3. Numerical simulation

3.1 Sampling rate

To assess the robustness of MANet, this section compares the reconstruction results recovered by Differential Ghost Imaging (DGI) [44], TVAL3, Fully Convolutional Network (FCN) [45], and MANet at different SRs. DGI is a classical ghost imaging algorithm algorithm, and FCN is a deep learning algorithm. Initially, we apply the SPI forward model to acquire 1D measurements of the three test images, with each image exclusively featuring the characters ’3’, ’D’, and ’I’, respectively. Subsequently, DGI and TVAL3 are adopted to reconstruct the image respectively. For the deep learning algorithms, FCN and MANet do not directly translate the 1D measurements into images. Instead, they work on enhancing the low-quality images reconstructed by TVAL3. We introduce low-level and high-level noise into the forward model. The Peak signal-to-noise ratio (PSNR) [46] and Structural Similarity (SSIM) [47] of reconstruction results at SR of 1.5 %, 3.0 %, and 5.0 % are depicted in Fig. 3. The SR is the ratio of the number of patterns to the pixel number of reconstructed image:

(4)$$S R=\frac{M_P}{N}$$

where $M_P$ is the number of patterns, and $N$ is the pixel number of reconstructed image.
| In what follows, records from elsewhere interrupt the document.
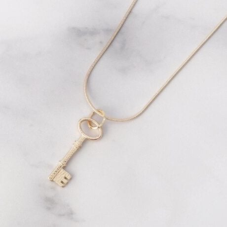 シンプルながら存在感のあるキーモチーフが、コーディネートのアクセントにぴったりなネックレス。
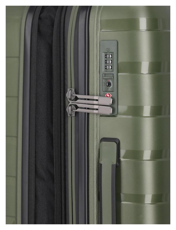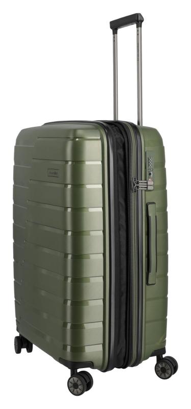 Ľahký a elegantný kufor na štyroch kolieskach z extra odolnej škrupiny vybavený TSA zámkom a expandérom.
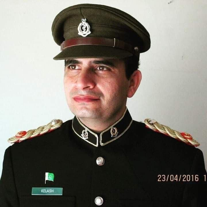 Dr Kelash is very proud of his country and pins a Pakistani flag on his army uniform.
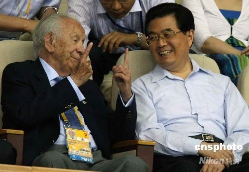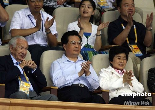 8月15日晚,胡錦濤夫婦與國(guó)際奧委會(huì)終身名譽(yù)主席薩馬蘭奇等到北京首都體育館,觀看北京奧運(yùn)會(huì)中國(guó)與美國(guó)女排比賽。中新社發(fā) 任晨鳴 攝
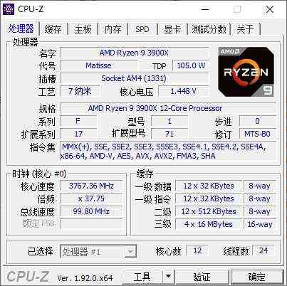 先说说处理器吧,AMDRyzen93900X处理器,拥有12核心24个线程,基础频率3.8GHz、最大Boost频率4.6GHz、TDP热功耗105W,对比一下同价位的Intel酷睿i9-9900K,AMD锐龙3900X多了4个核心8个线程,规格全面领先,这个性价比谁能不说一句AMD真香?
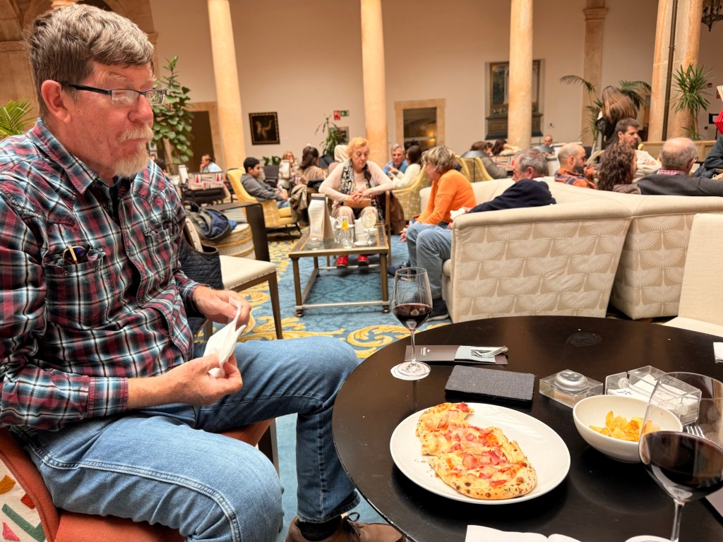 We relaxed in the central courtyard of the Parador. Yesterday, Sunday afternoon, the room was packed. Today, Monday there were less than ten people enjoying the space.
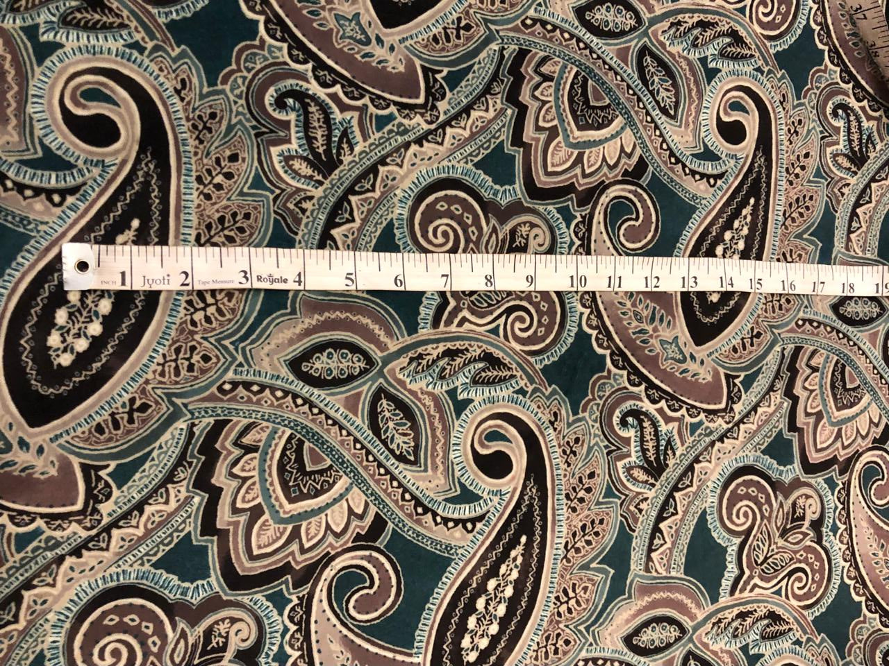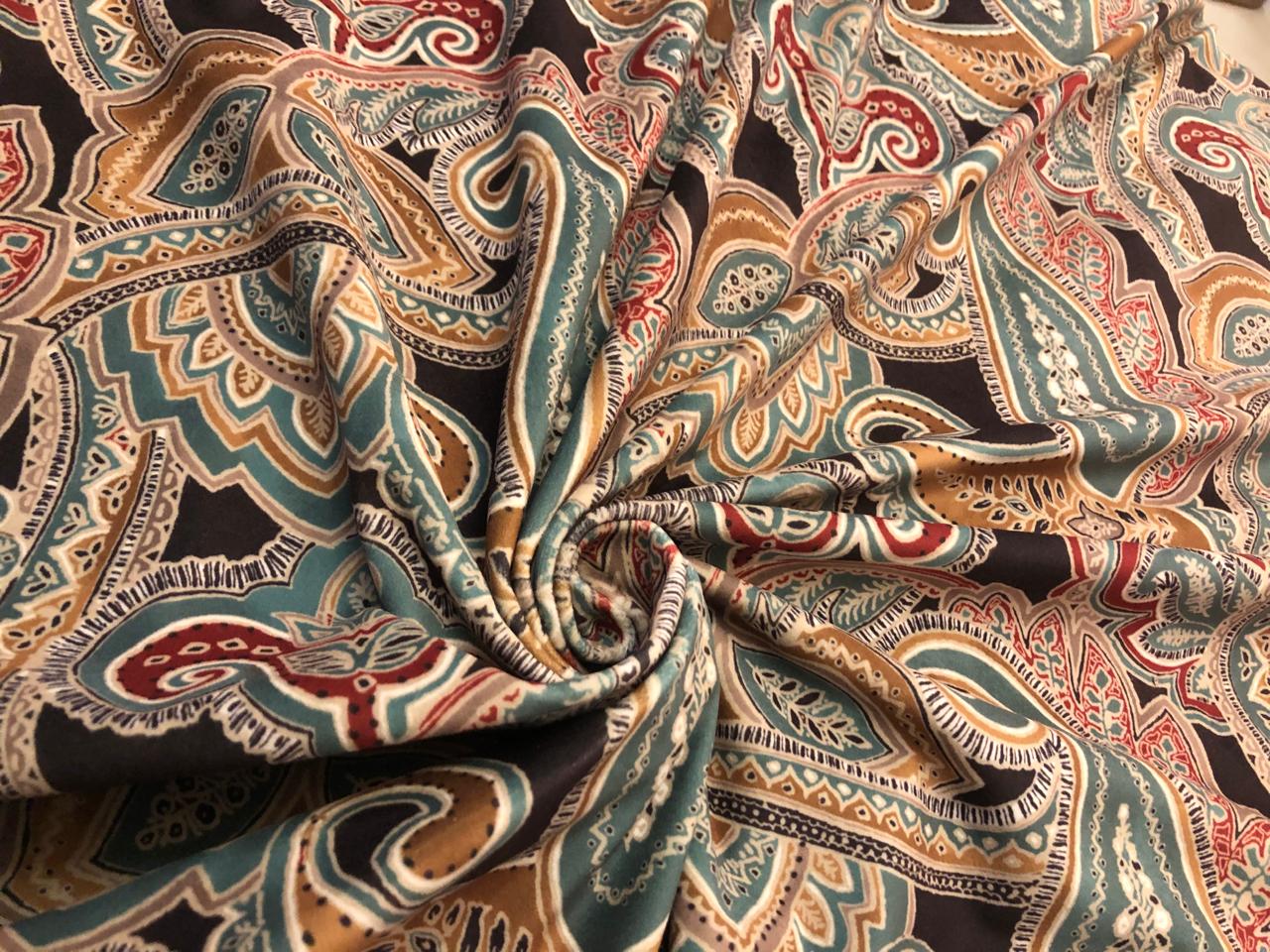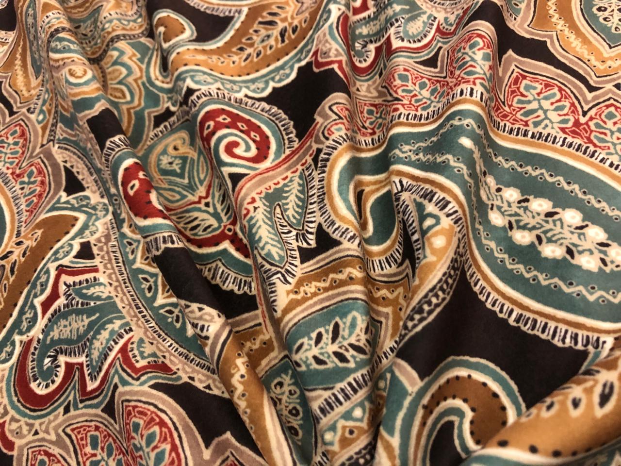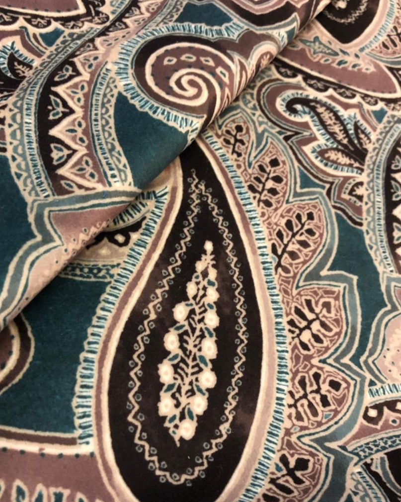Paisley is a decorative design featuring boteh motifs, which are teardrop-shaped with a curved upper end. The paisley design is often used in clothing, textiles, and wallpaper.
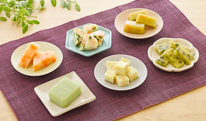 | 商品名 | ①やさしいおかず キャベツの梅和えムース ②やさしいおかず ほうれん草の白和えムース ③やさしいおかず きゅうりのナムルゼリー ④やさしいおかず きゅうりの酢の物ゼリー ⑤やさしいおかず コールスローゼリー ⑥やさしいおかず たまねぎサラダゼリー |
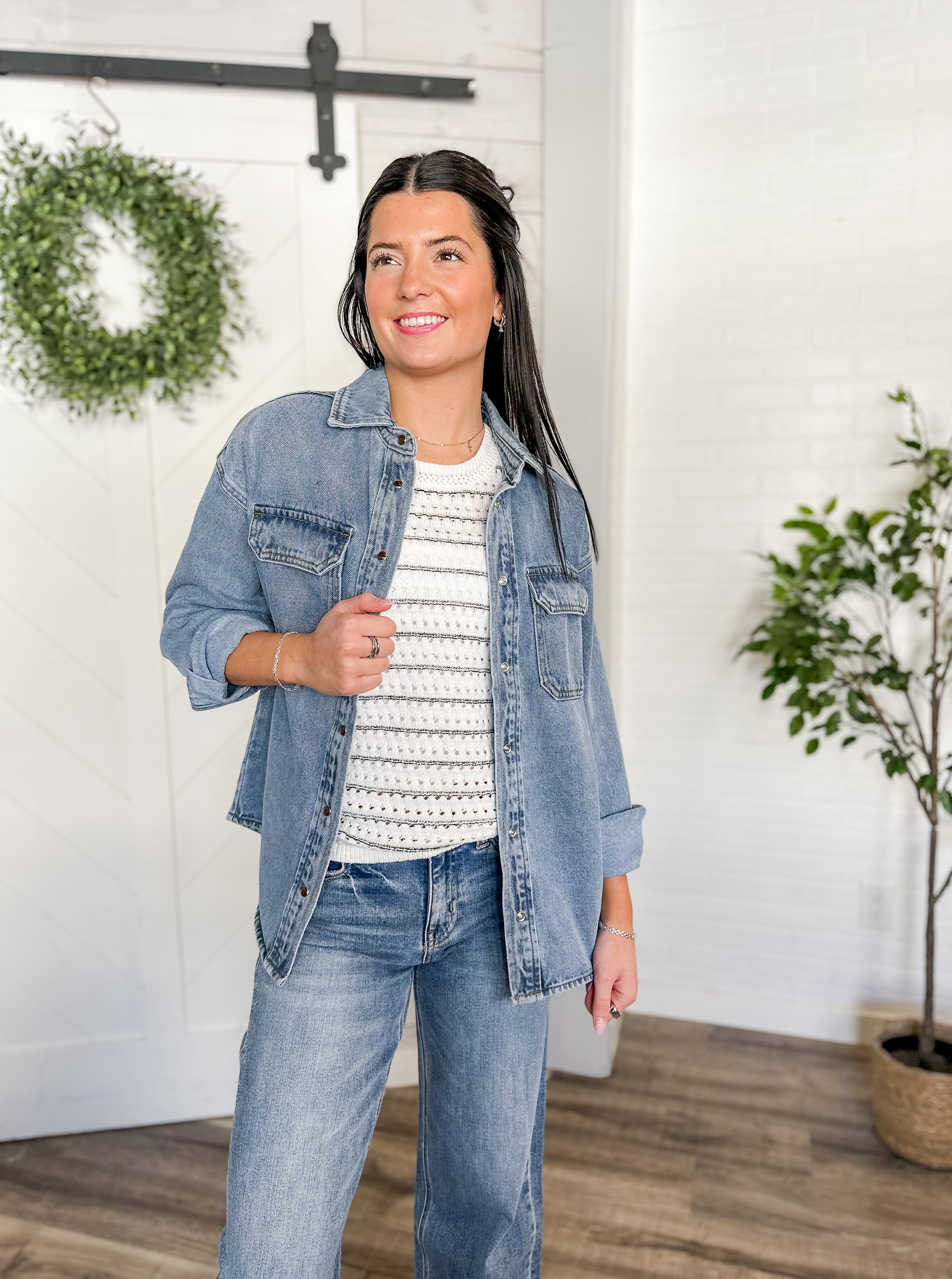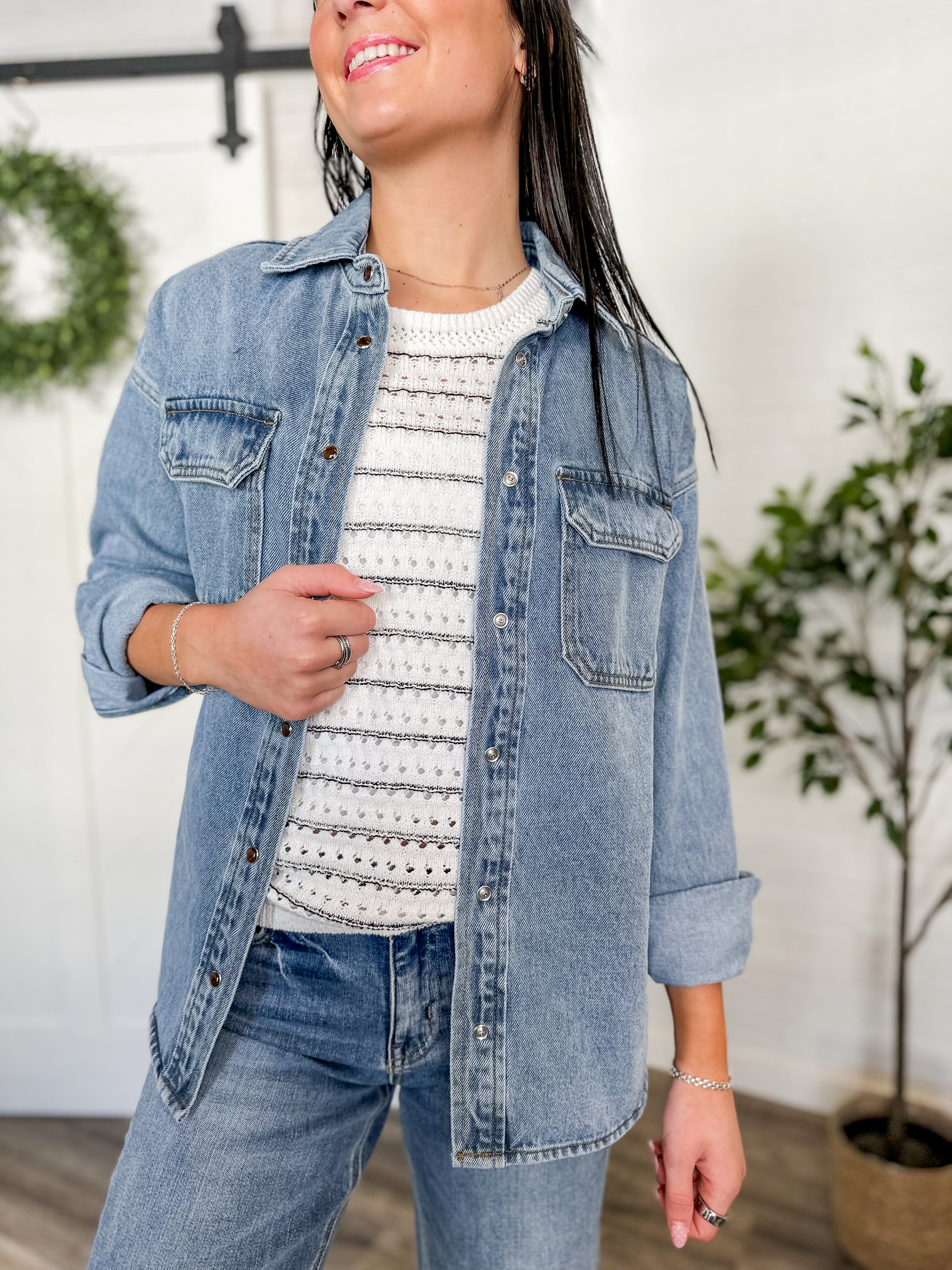 Throw it over a lightweight knit, a graphic tee or a dress for instant structure without feeling stiff. Wear it open with wide leg jeans for an easy denim-on-denim look or layer it over a tank and shorts on cool summer nights. This is the kind of jacket you’ll keep by the door because it goes with everything.
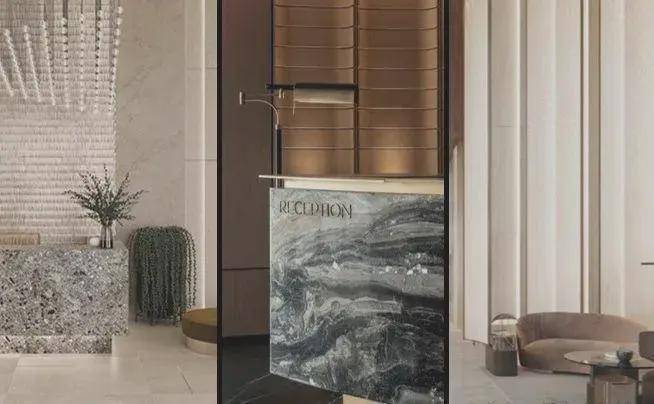 豪宅细节 重新定义空间品味: 使用稀贵的石材与设计美学相结合,实现空间美学的高级表达,最终完成空间的品质追求。大量复杂柔和的曲线形成诗意的律动,这亦是PARK699柏舍不动声色的奢华。
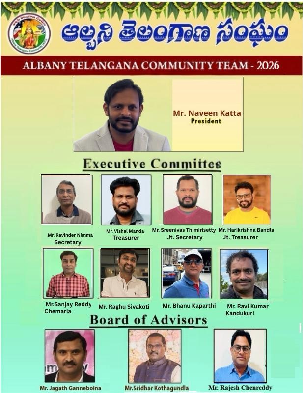 Welcome to our team page, where you can get to know the passionate individuals who drive the mission of Albany Telangana Community forward. Each member brings unique talents, expertise, and a shared commitment to serving the Telangana community in Albany, NY, and beyond. Explore our team profiles to learn more about the people shaping our organization and making a difference in our community.
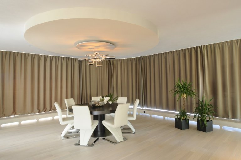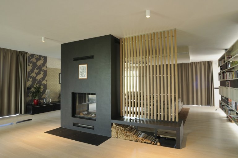 Výjimečná realizace ve výjimečném domě zahrnula výrobu nábytku na míru i praktické stavební úpravy. Podstata novostavby domu, stojícího nedaleko lesa v jedné části Brna, spočívá v otevřeném velkorysém prostoru. Velkoformátová okna z obou stran stavby tento pocit ještě umocňuj. Na návrhu interiéru jsme spolupracovali s architektem investora a realizovali atypický nábytek včetně obkladů schodiště, designových příček a speciálních obkladů konvektorů po vnitřním obvodu domu. Specialitou je výroba centrálního kulatého stolu a výroba nábytkové příčky v obývacím pokoji neviditelně obepínající konstrukční prvky stavby.
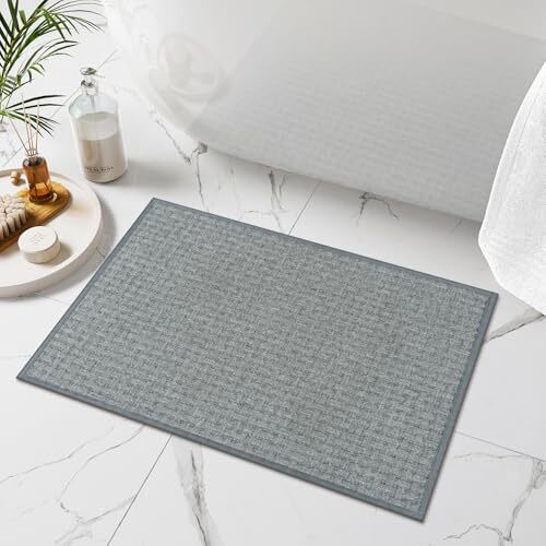 Gray Non-Slip Waffle Bath Mat Modern 16x24 Inch Grey Bathroom Rug
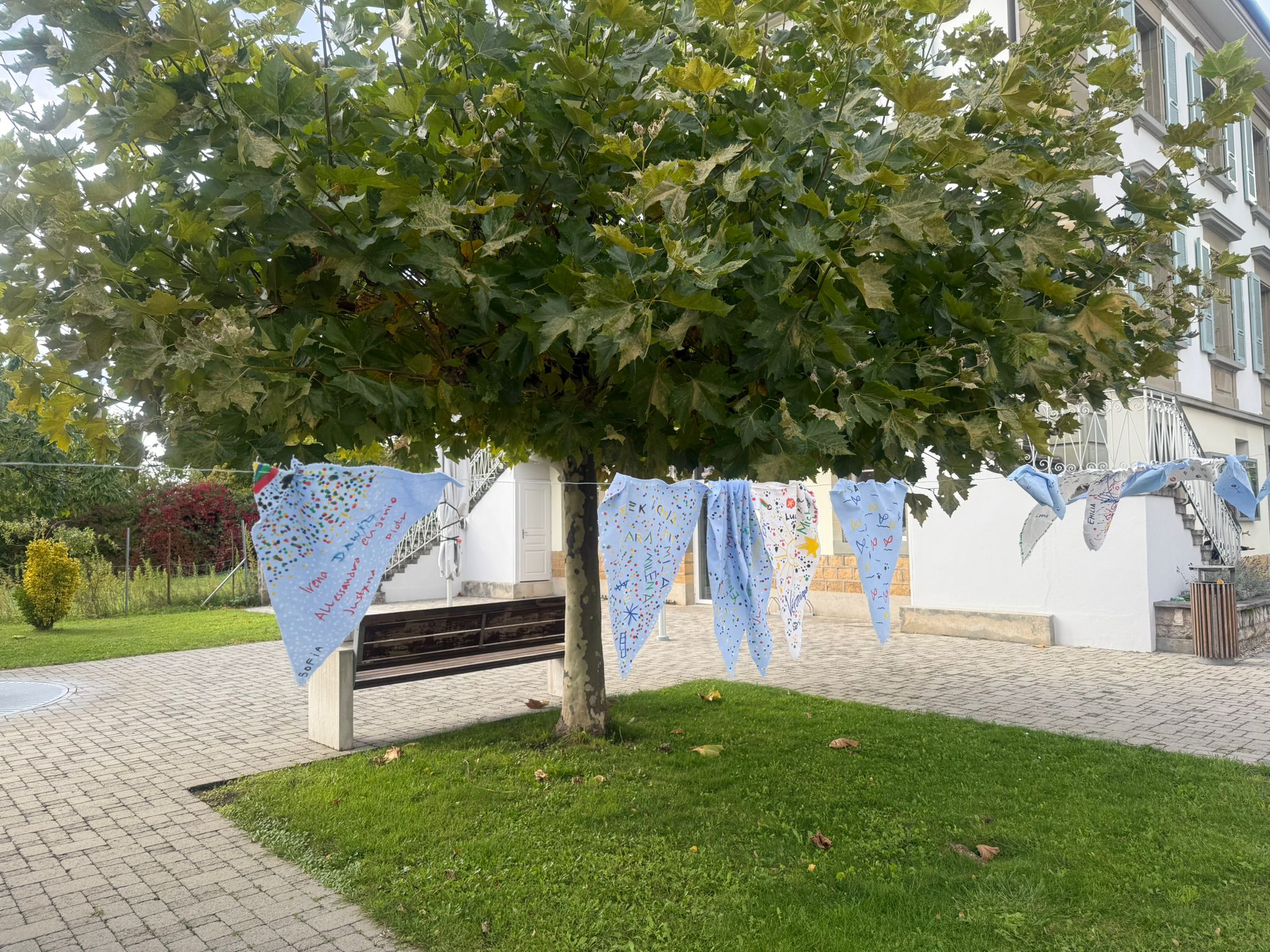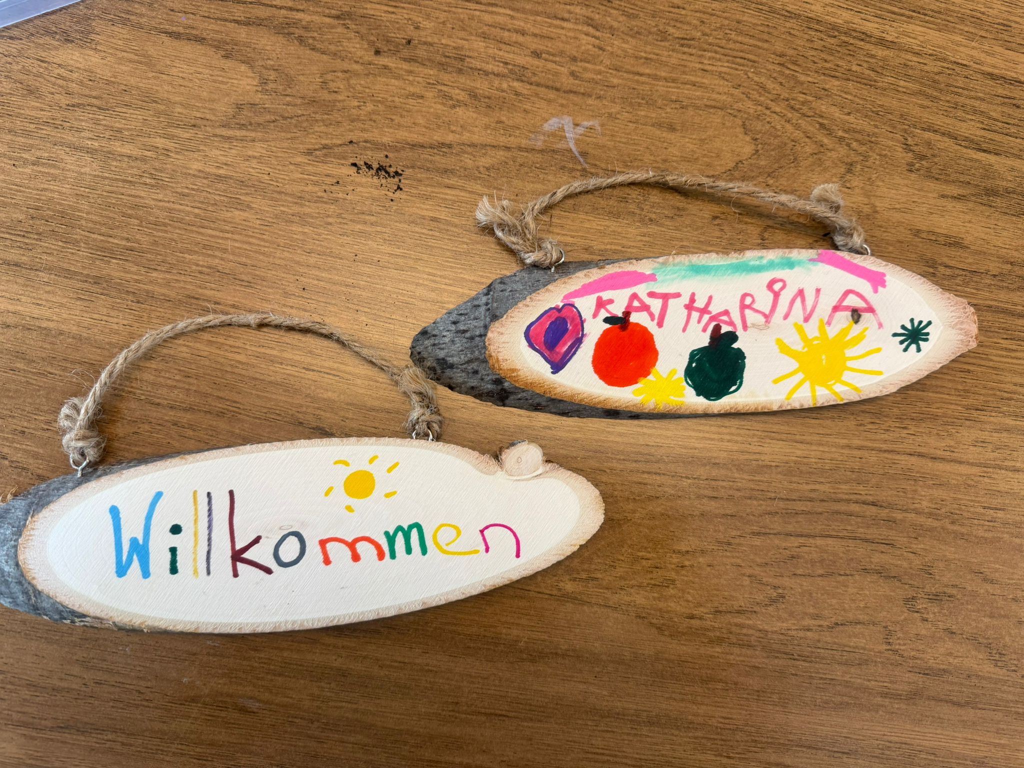 Ein Willkommensschild für die Eingang-oder Kinderzimmertür, Fähnchen für die gemeinsame Wäscheleine vor der Kirche als Zeichen der Zusammengehörigkeit.

Fig. 3. Quantitative comparison of DGI, TAVL3, FCN, and MANet in terms of SR. (a-c) PSNR of the results obtained under noise free (a), low-level noise (b), and high-level noise (c) conditions respectively. (d-f) SSIM of the results obtained under noise free (d), low-level noise (e), and high-level noise (f) conditions respectively.

Download Full Size | PDF

The PSNR is defined as:

(5)$$P S N R=10 \cdot \log _{10}\left(\frac{\left(M A X_I\right)^2}{M S E}\right)$$

where $MSE$ is the Mean Square Error defined in section 2.2, $MAX_I$ is the maximum grayscale value of the image.

The SSIM is defined as:

(6)$$\operatorname{SSIM}=\frac{\left(2 \mu_{G T} \mu_{\operatorname{MANet}(x)}+C_1\right)\left(2 \sigma_{\operatorname{GTMANet}(x)}+C_2\right)}{\left(\mu_{G T}^2+\mu^2{ }_{\operatorname{MANet}(x)}+C_1\right)\left(\sigma_{G T}^2+\sigma^2{ }_{\operatorname{MANet}(x)}+C_2\right)}$$

where $\mu _{G T}$ is the mean of ground truth, $\mu _{\operatorname {MANet}(x)}$ is the mean of the image reconstructed by MANet, and $\sigma _{\operatorname {GTMANet}(x)}$ is the covariance of ground truth and image reconstructed by MANet. $\sigma _{G T}$ is the standard deviation of the ground truth, and $\sigma _{\operatorname {MANet}(x)}$ is the standard deviation of the image reconstructed by MANet. $C_1$, $C_2$ are constants, set to 0.01 and 0.03, respectively.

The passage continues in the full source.